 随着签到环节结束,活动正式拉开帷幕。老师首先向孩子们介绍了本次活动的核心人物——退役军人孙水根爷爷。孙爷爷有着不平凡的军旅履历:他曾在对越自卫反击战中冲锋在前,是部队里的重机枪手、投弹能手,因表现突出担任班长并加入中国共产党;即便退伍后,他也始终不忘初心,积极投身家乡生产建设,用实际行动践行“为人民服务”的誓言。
--
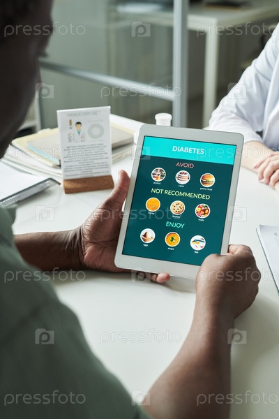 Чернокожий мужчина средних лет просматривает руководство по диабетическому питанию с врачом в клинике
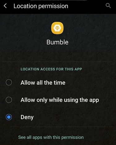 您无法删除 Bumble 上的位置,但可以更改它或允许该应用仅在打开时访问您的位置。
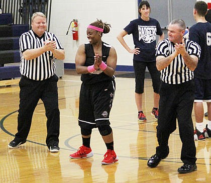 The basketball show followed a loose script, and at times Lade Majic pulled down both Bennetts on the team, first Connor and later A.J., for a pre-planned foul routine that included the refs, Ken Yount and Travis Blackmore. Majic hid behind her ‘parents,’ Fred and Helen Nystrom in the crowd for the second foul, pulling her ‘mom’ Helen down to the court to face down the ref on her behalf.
...
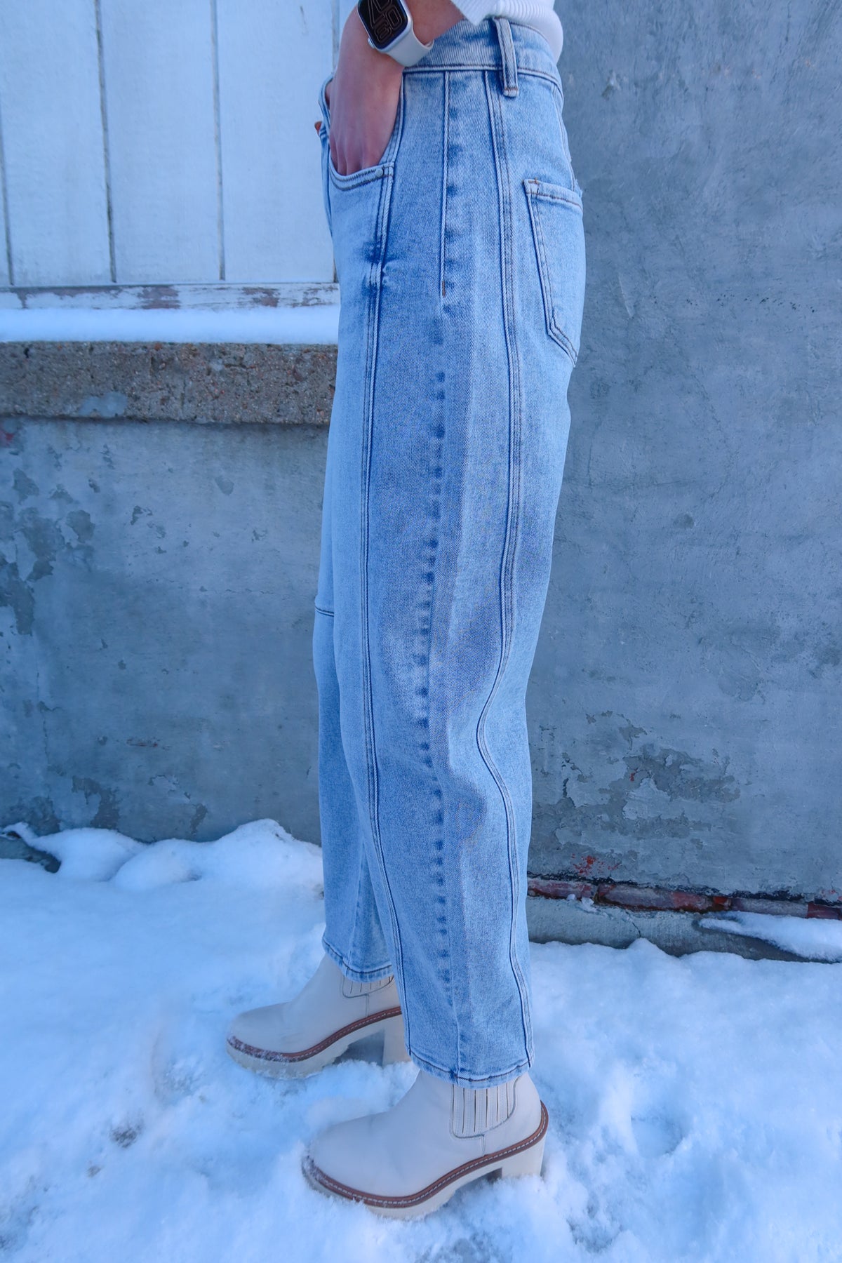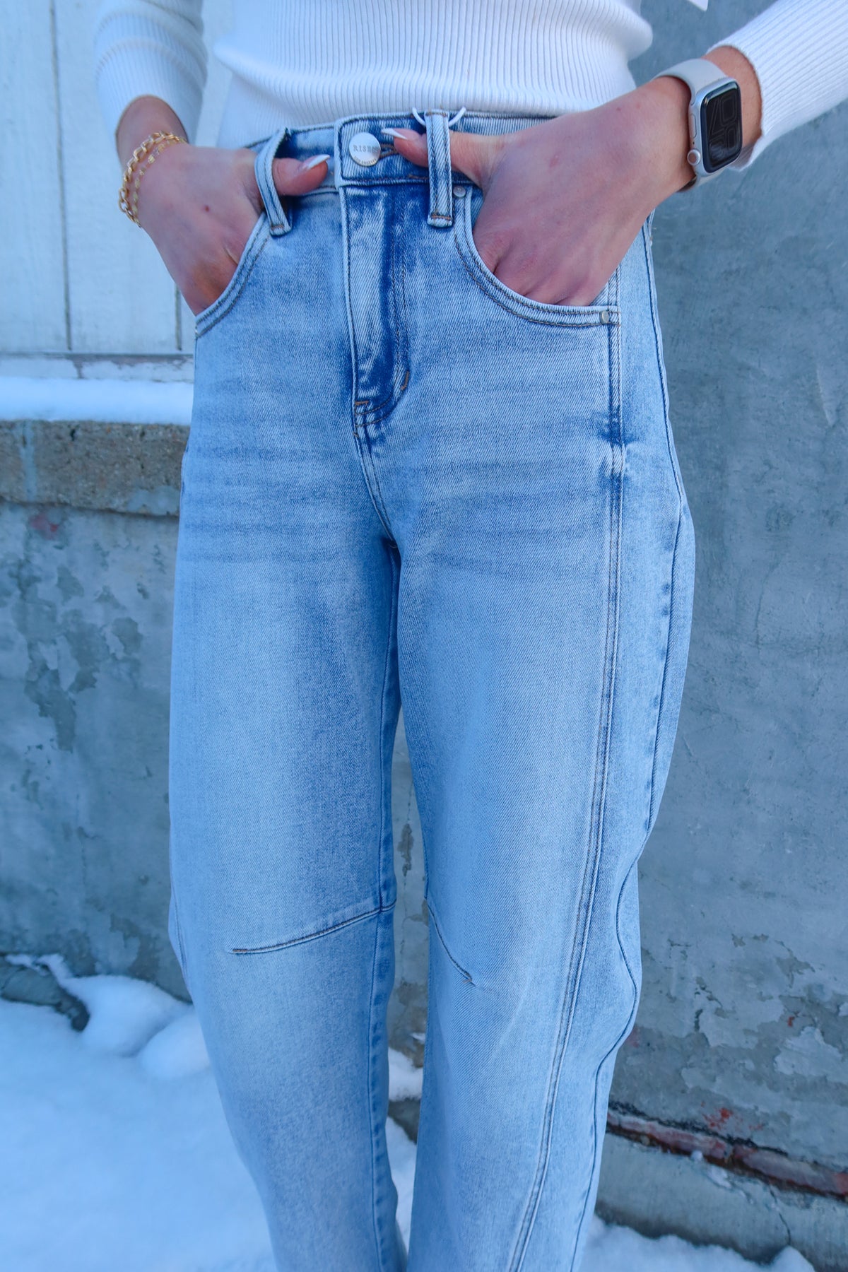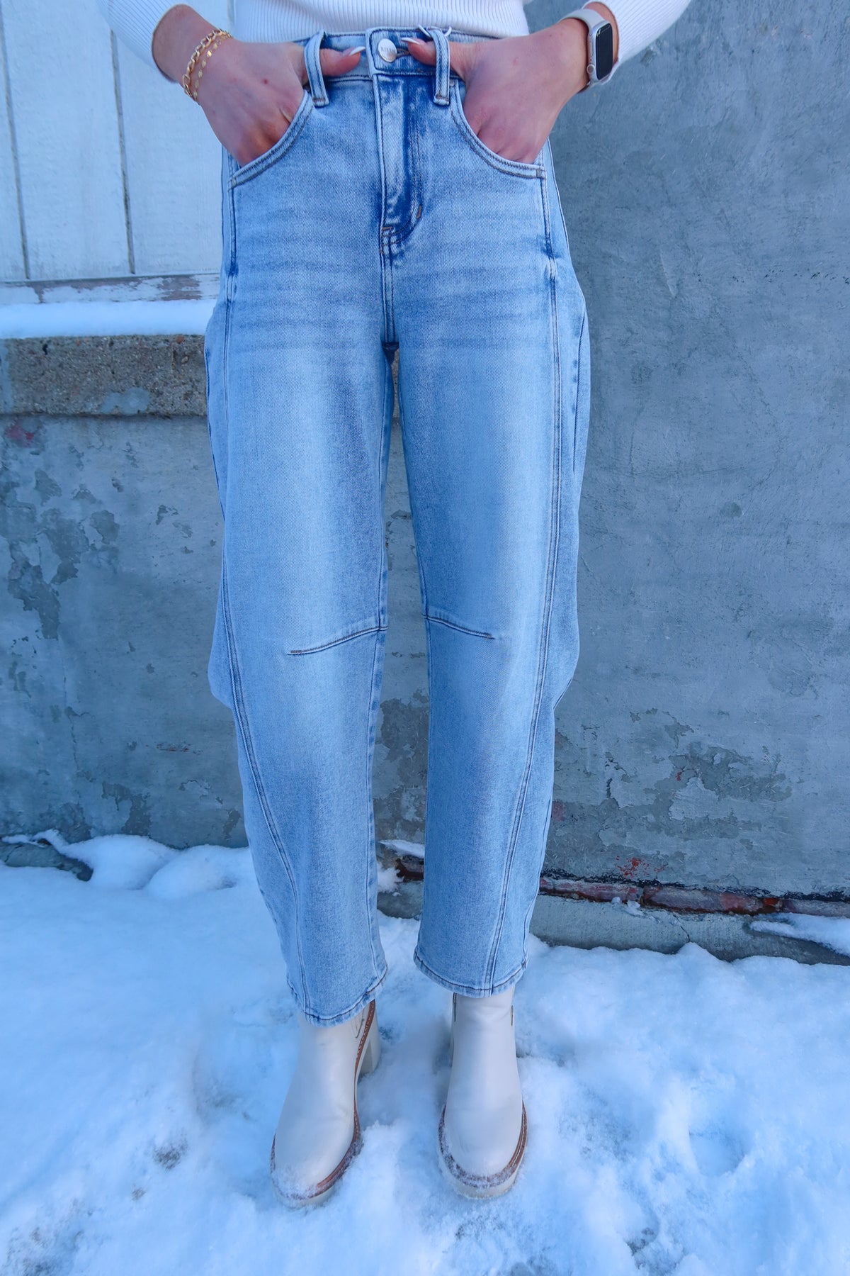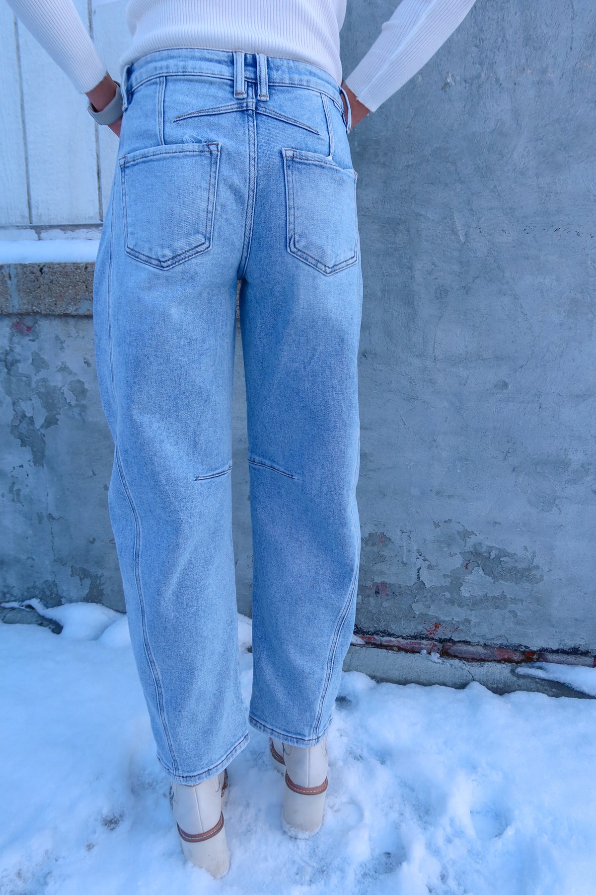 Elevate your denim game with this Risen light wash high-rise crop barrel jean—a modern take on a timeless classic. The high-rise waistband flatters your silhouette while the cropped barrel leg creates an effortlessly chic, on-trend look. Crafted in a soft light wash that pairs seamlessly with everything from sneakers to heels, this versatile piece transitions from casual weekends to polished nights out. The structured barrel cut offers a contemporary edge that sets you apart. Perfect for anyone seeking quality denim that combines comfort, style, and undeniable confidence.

- [Problem to solve]:
Exactly the lines above from the one that contains "Чернокожий мужчина средних" down to the one that contains "The basketball show" are to be output, both ends kept and pictures omitted.

- [Task solution]:
 Чернокожий мужчина средних лет просматривает руководство по диабетическому питанию с врачом в клинике
 您无法删除 Bumble 上的位置,但可以更改它或允许该应用仅在打开时访问您的位置。
 The basketball show followed a loose script, and at times Lade Majic pulled down both Bennetts on the team, first Connor and later A.J., for a pre-planned foul routine that included the refs, Ken Yount and Travis Blackmore. Majic hid behind her ‘parents,’ Fred and Helen Nystrom in the crowd for the second foul, pulling her ‘mom’ Helen down to the court to face down the ref on her behalf.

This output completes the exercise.